CURRENT IMPLEMENTATION During registration, the CA certificate of the web server is downloaded from ENGINE_URL/ca.crt PROBLEM IN CURRENT IMPLEMENTATION There is no way to separate between the CA of the engine that issues certificates for vdsm and the web interface certificate. JUSTIFICATION Having 3rd party CA for web server certificate is required to meet organization policy. The 3rd party CA may already be trusted so issuing web server certificate using 3rd party CA makes deployment easier. NEW IMPLEMENTATION Acquire CA certificate from the TLS/SSL handshake.
A draft is available[1] Side effect, is that registration must be done via HTTPS. It is the desired state, however it will be enforced.
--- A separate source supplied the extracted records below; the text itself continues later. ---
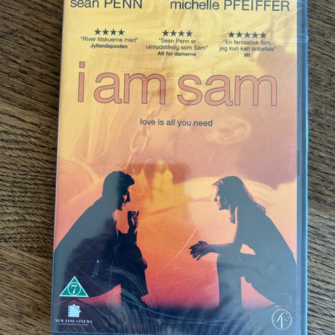 New Line Platinum Series I Am Sam DVD featuring Sean Penn and Michelle Pfeiffer. The film is a drama centered on a father-daughter relationship, with a runtime of approximately 132 minutes. The DVD includes special features such as commentary, deleted scenes, and a documentary.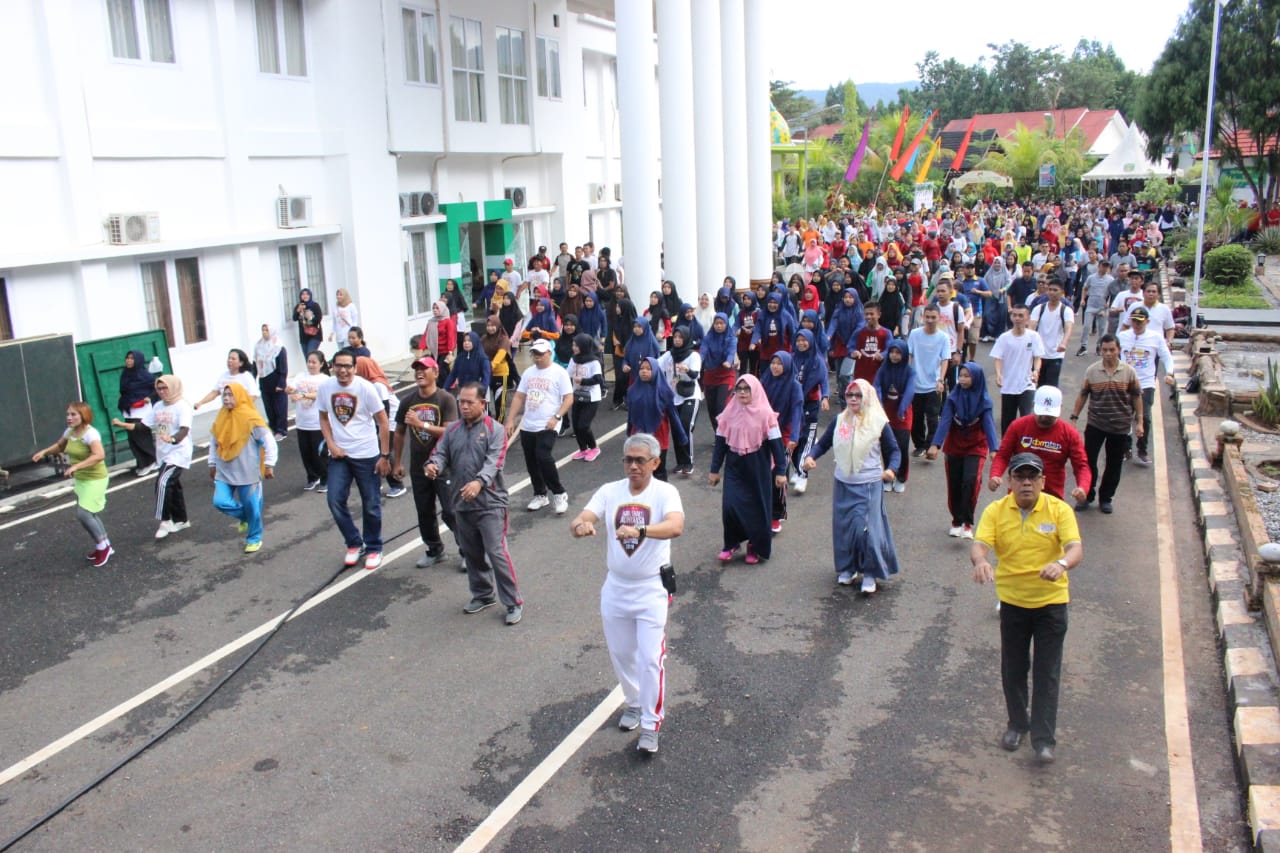 Bupati Luwu Timur, HM. Thorig Husler, bersama ratusan peserta lainnya mengikuti senam massal yang dilaksanakan Kejaksaan Negeri Luwu Timur dalam rangka memperingati Hari Bhakti Adhyaksa (HBA) ke-59 yang jatuh pada tanggal 22 Juli 2019, di halaman kantor Kejaksaan Negeri Luwu Timur, Jumat (19/07/2019).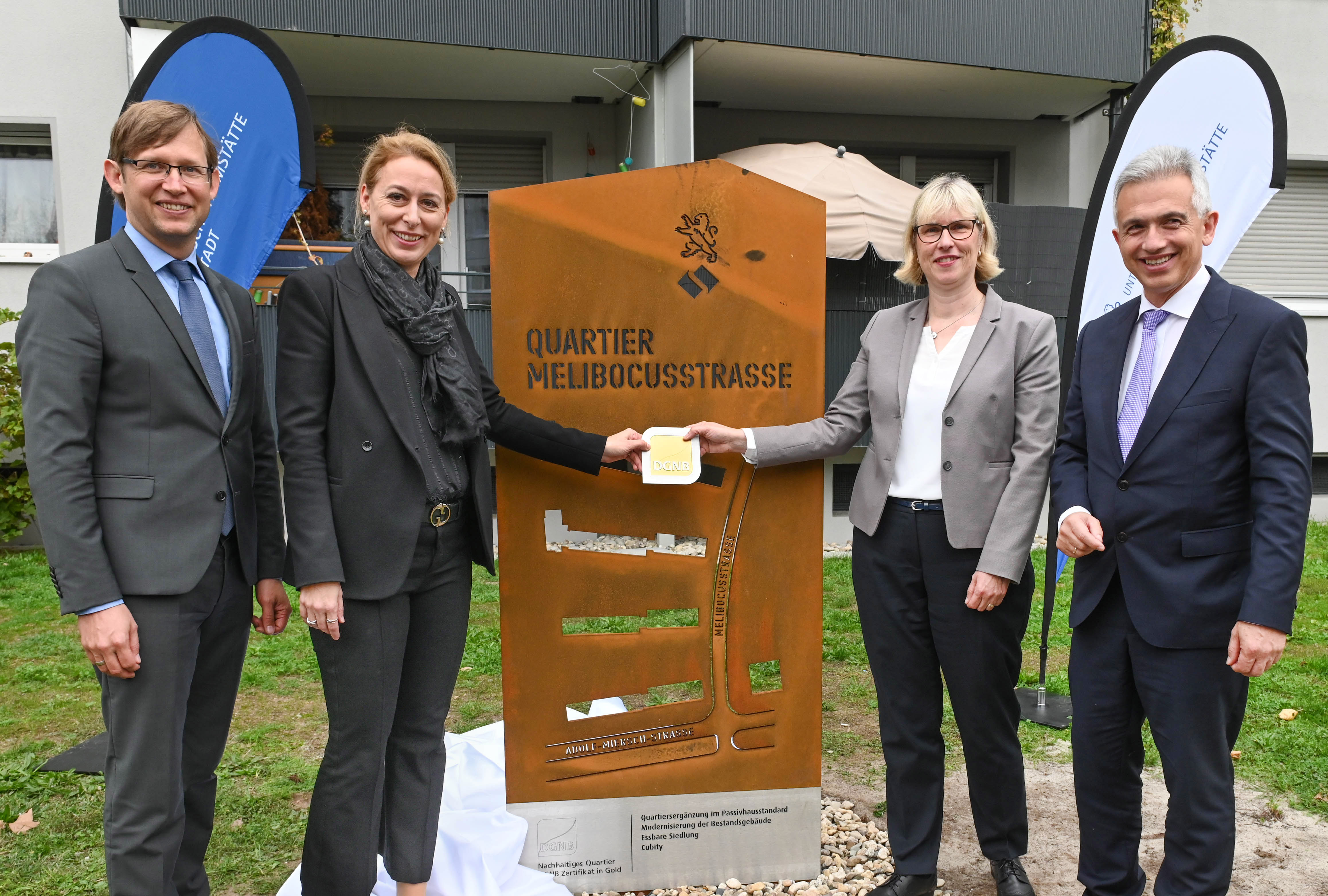 Frankfurt am Main – Wie man aus einer schlichten Nachkriegssiedlung ein klimafreundliches Vorreiterprojekt macht, zeigt die Adolf-Miersch-Siedlung in Frankfurt-Niederrad. Seit 2015 hat die Nassauische Heimstätte in der Adolf-Miersch-Straße und der Melibocusstraße 180 Wohneinheiten modernisiert und umgebaut. 25 Wohnungen wurden als Kopfbauten im Passivhaus-Standard im Neubau ergänzt. Heute leben die Mieterinnen und Mieter in modernen und energieeffizienten Gebäuden und einem ansprechenden Wohnumfeld. Insgesamt hat der Konzern 26 Millionen Euro investiert. Im März 2019 erfolgte die Gold-Zertifizierung durch die Deutsche Gesellschaft für Nachhaltiges Bauen (DGNB). Zur offiziellen Übergabe der Zertifikats-Plakette kamen am Dienstag, 15. Oktober 2019, Gäste aus der Stadt- und Landespolitik ins Quartier.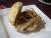 Lunch included a sliders appetizer: four beef brisket sliders with spicy barbecue sauce and fried onion straws. The barbecue sauce was well-balanced and restrained. It was not overly sweet or annoyingly spicy, making it easy to eat. The manager informed us that it is Patti Hildebrand's grandmother's family recipe.
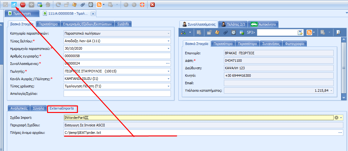 Αφού επιλέξουμε το σχέδιο Import και το αρχείο στο δίσκο, από τη σχετική επιλογή, γίνεται εισαγωγή των δεδομένων του αρχείου στο παραστατικό.

Comments? [1] http://gerrit.ovirt.org/#/c/8386/
commit 35005d4fb016b95a0ba3fd71875f099fa612a1a4 Author: Alon Bar-Lev <alonbl> Date: Sat Oct 6 02:09:00 2012 +0200 vdsm-reg: use web server CA extracted from SSL handshake CURRENT IMPLEMENTATION During registration, the CA certificate of the web server is downloaded from ENGINE_URL/ca.crt PROBLEM IN CURRENT IMPLEMENTATION There is no way to separate between the CA of the engine that issues certificates for vdsm and the web interface certificate. JUSTIFICATION Having 3rd party CA for web server certificate is required to meet organization policy. The 3rd party CA may already be trusted so issuing web server certificate using 3rd party CA makes deployment easier. NEW IMPLEMENTATION Acquire CA certificate from the TLS/SSL handshake. Change-Id: Iab8727a167de19ac66712309868654ae00c9bf4d Signed-off-by: Alon Bar-Lev <alonbl> Bug-Url: https://bugzilla.redhat.com/show_bug.cgi?id=863292 Reviewed-on: http://gerrit.ovirt.org/8386 Reviewed-by: Dan Kenigsberg <danken>
commit f46782207e42ed239a2b13d7a6bd13a9a4947fad Author: Alon Bar-Lev <alonbl> Date: Fri Oct 12 23:32:35 2012 +0200 vdsm-reg: use M2Crypto instead of pyOpenSSL M2Crypto is much more supported and has superior coverage. Change-Id: Id16479e61777dceffaf3c0253ef2b2954e5588a9 Signed-off-by: Alon Bar-Lev <alonbl> http://gerrit.ovirt.org/#/c/8522/1 License: One clause BSD
I am sure we dropped m2crypto from vdsm because of issues with it. http://permalink.gmane.org/gmane.comp.emulators.ovirt.vdsm.patches/8145 removed its deep.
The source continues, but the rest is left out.